Here are a few thoughts about the use of the past from the “first night” of the Republican National Convention.
First, the evening started with the playing of GOP Convention 2008 Video. I thought the video was very well-done, but I found it revealing, and a bit odd, that the first image shown was the cover page of the Federalist Papers. Rather than begin with Declaration of Independence or the Constitution, the first image we saw was a document (actually a collection of documents) that sought to limit the power of the states and establish a stronger centralized government. From a historical perspective this is an odd choice because many in the Republican Party today are strong supporters of states rights over the power of the federal government.

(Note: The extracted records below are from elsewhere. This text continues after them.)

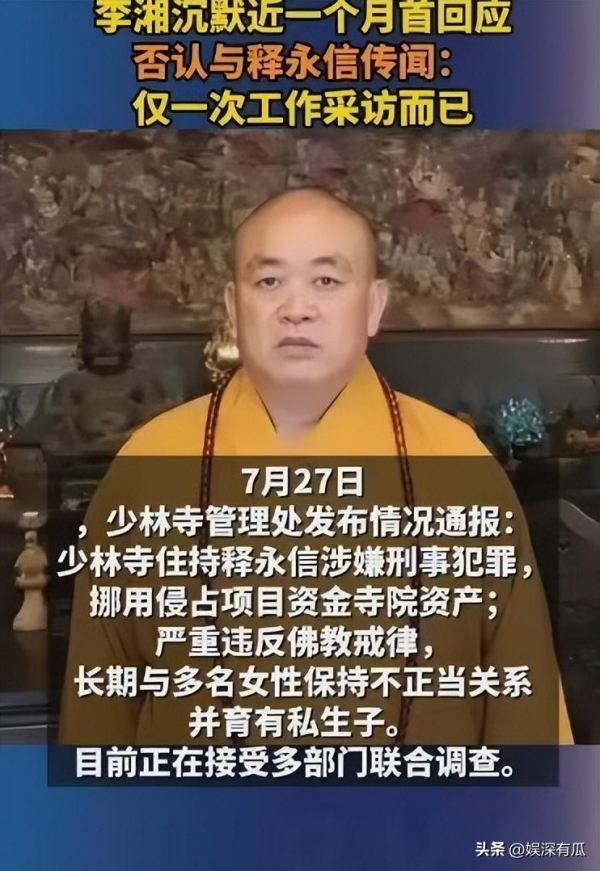前段时间网上炸锅了,说李湘和释永信关系不一般,还传出来所谓的"亲密照"。
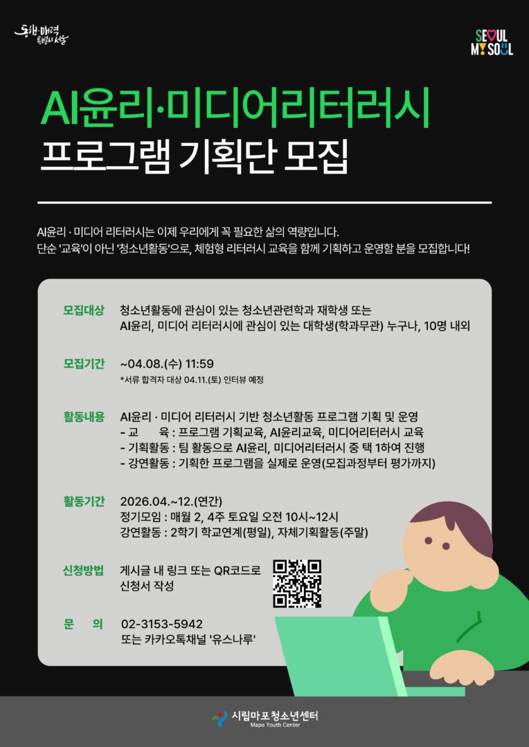 외부공지 [시립마포청소년센터] AI윤리미디어리터러시 또래강사 모집 홍보 2026.03.26 조회수 537 취업지원팀 share facebook twitter kakaotalk 카카오톡 앱이설치된 모바일 기기에서만공유 가능합니다. https://www.syu.ac.kr/arp7 share 복사 잘못된 파일 정보입니다. facebook twitter kakaotalk 카카오톡 앱이설치된 모바일 기기에서만공유 가능합니다. 이전글 글이 없습니다. 다음글 2026 서울시 빅데이터 캠퍼스 전문교육 과정 안내 목록
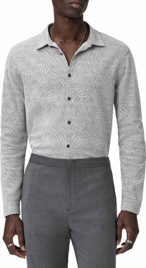 A tactile jacquard of tropical fronds provides rich texture in this knit button-up shirt made from a breathable cotton blend.
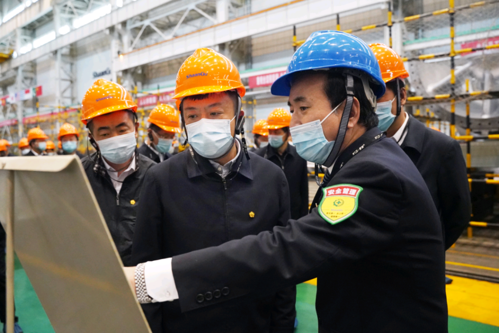 在陕鼓总装车间,李宏安董事长对陕鼓核心产品在技术创新、应用领域等方面向杜小刚书记一行作了介绍。
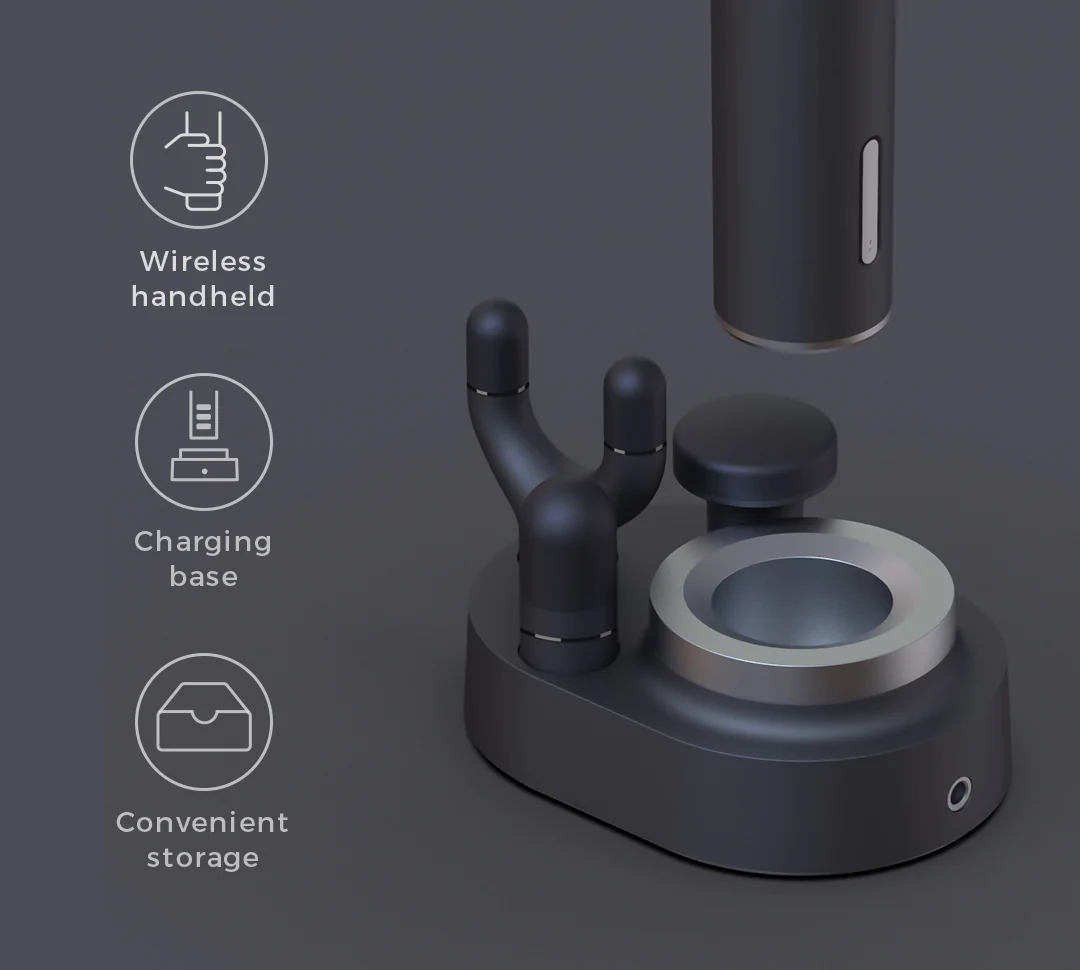 Der SlimElegant kann schnell aufgeladen werden, indem er in die untere Rille der Ladestation gestellt wird. Die innovative Ladestation mit Anti-Rutsch-Touch-Lack-Technologie, die den Körper der Massagepistole effektiv stabilisiert, um Stürze und Stöße zu verhindern, gewährleistet Sicherheit und Komfort. Außerdem ist sie platzsparend und leicht zu verstauen und hat ein modernes Design.

Of course the real lesson here for students of American history is that much of the political philosophy of “federalism” that we hear so much about today looks a lot like the view and beliefs of the “Anti-Federalists“–those in the 1780s who opposed centralized power and the eighteenth-century equivalent of “big government” and favored states rights. (Although you could make an argument for the political philosophy of federalism from Federalist Paper #51). The political philosophy of federalism as it is applied and discussed in today’s politics (John McCain, for example, claims to be a “federalist”) is associated with the idea that decisions about things like religion, marriage, abortion, or anything else not addressed in the Constitution should be made by the states. By celebrating the “Federalist Papers,” the Republican Convention video seems to be celebrating the current political philosophy of federalism more than the historical context in which these documents were written. (I also might add that the Federalist Papers opposed the Bill of Rights, a document which was also exalted in the Republican Video).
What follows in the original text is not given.